Predictors of Omega-3 Index in Patients With Acute Myocardial Infarction Full Text
Mayo Clinic Proceedings, 07/01/2011
Exclusive author commentary
Salisbury AC et al. – Potentially modifiable factors, such as patient–reported fast food intake, fish intake, and smoking, are independently associated with the omega–3 index in patients with acute myocardial infarction (AMI). These characteristics may be useful to identify patients who would benefit most from omega–3 supplementation and lifestyle modification.Methods
- Dietary habits of 1487 patients in the 24–center Translational Research Investigating Underlying disparities in acute Myocardial infarction Patients' Health status (TRIUMPH) registry between April 11, 2005, and September 28, 2007, were assessed by asking about the frequency of fast food and nonfried fish consumption.

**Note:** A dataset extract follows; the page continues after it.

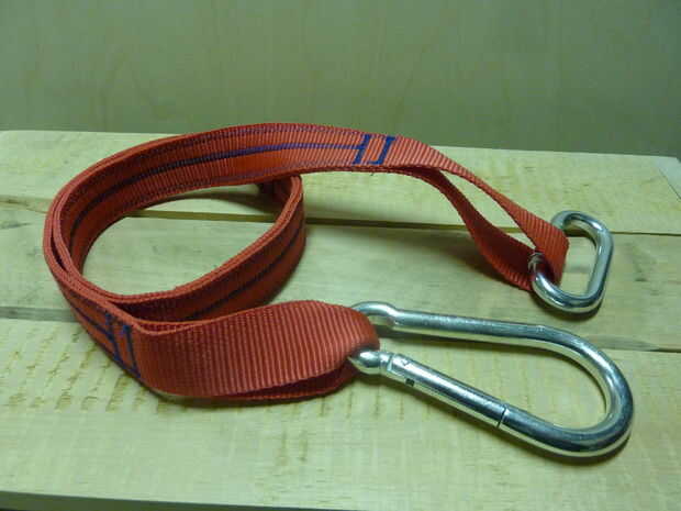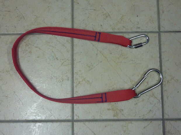 Tomar las dos cintas de 2m de largo y doblar ambos extremos a la mitad y coserlos. Ahora coser 10cm de ambos extremos para hacer los lazos donde vendrán los anillos de metal. Reforzar con suturas adicionales en los bordes.

- All patients had erythrocyte omega–3 index measured at the time of hospital admission for AMI.
- The authors used multivariable linear regression to identify independent correlates of the omega–3 index and modified Poisson regression to predict risk of a low omega–3 index (<4%).
- The proportion of patients with a low omega–3 index increased with more frequent fast food intake (18.9% for <1 time monthly, 28.6% for 1–3 times monthly, 28.8% for 1–2 times weekly, and 37.6% for ≥3 times weekly; P<.001).

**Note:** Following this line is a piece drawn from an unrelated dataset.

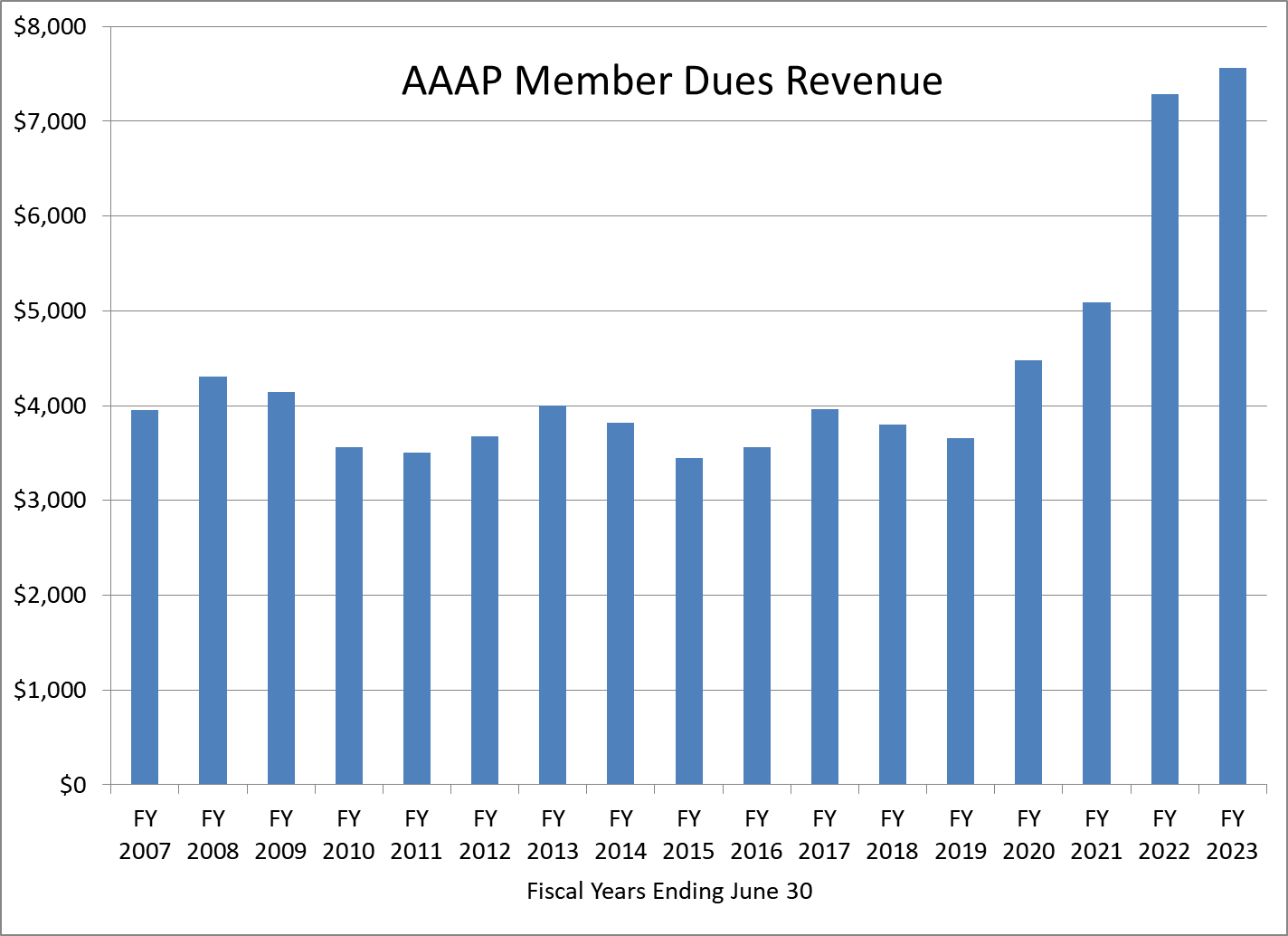 The AAAP had a $2,481 surplus for the fiscal year, similar to last year’s. The chart below shows member dues for the past 16 years:

- In contrast, a low omega–3 index was less common among patients with more frequent fish intake (35.1% for <1 time monthly, 24.9% for 1–3 times monthly, 16.1% for 1–2 times weekly, and 21.1% for ≥3 times weekly; P<.001).
- Fish intake, older age, race other than white, and omega–3 supplementation were independently associated with a higher omega–3 index, whereas frequent fast food intake, smoking, and diabetes mellitus were associated with a lower omega–3 index.

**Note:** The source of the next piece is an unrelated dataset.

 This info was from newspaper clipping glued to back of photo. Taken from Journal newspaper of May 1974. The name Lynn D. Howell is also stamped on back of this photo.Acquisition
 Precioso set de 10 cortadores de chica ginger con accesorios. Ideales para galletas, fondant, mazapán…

Adam C. Salisbury, MD, MSc (07/01/2011) comments:
Omega-3 fatty acid intake is associated with lower mortality in patients with coronary artery disease, and patients with high red blood cell omega-3 fatty acid levels have lower mortality than those with low omega-3 indices. In this large, multicenter cohort of patients hospitalized with acute myocardial infarction, we found that patient's characteristics and dietary practices were strong predictors of favorable omega-3 indices. These findings have two important clinical implications. First, guideline recommended fish and omega-3 supplement intake was strongly associated with higher omega-3 indices. However, unhealthy lifestyle practices (including fast food consumption and smoking) were associated with lower omega-3 indices. This suggests that simply offering omega-3 supplements may be less likely to augment omega-3 fatty acid levels, and potentially less likely to improve outcomes, than more comprehensive lifestyle counseling that addresses multiple dietary and lifestyle behaviors. Second, we found that patients with low omega-3 indices, who may be most likely to benefit from supplementation and diet counseling, could be accurately identified using routinely available patient characteristics (age, race, diabetes, smoking and dietary habits). Using patient characteristics to target omega-3 supplements to high risk patients avoids the cost of omega-3 index testing, and informing patients of their risk for low omega-3 levels may reinforce their adherence to treatment. Further studies are needed to understand whether targeting omega-3 supplements to higher risk patients improves patients' adherence or outcomes. Moreover, research is needed to determine whether providing counseling on comprehensive dietary modification, in addition to omega-3 fatty acid supplementation, improves results in better outcomes than providing omega-3 fatty acid supplements alone.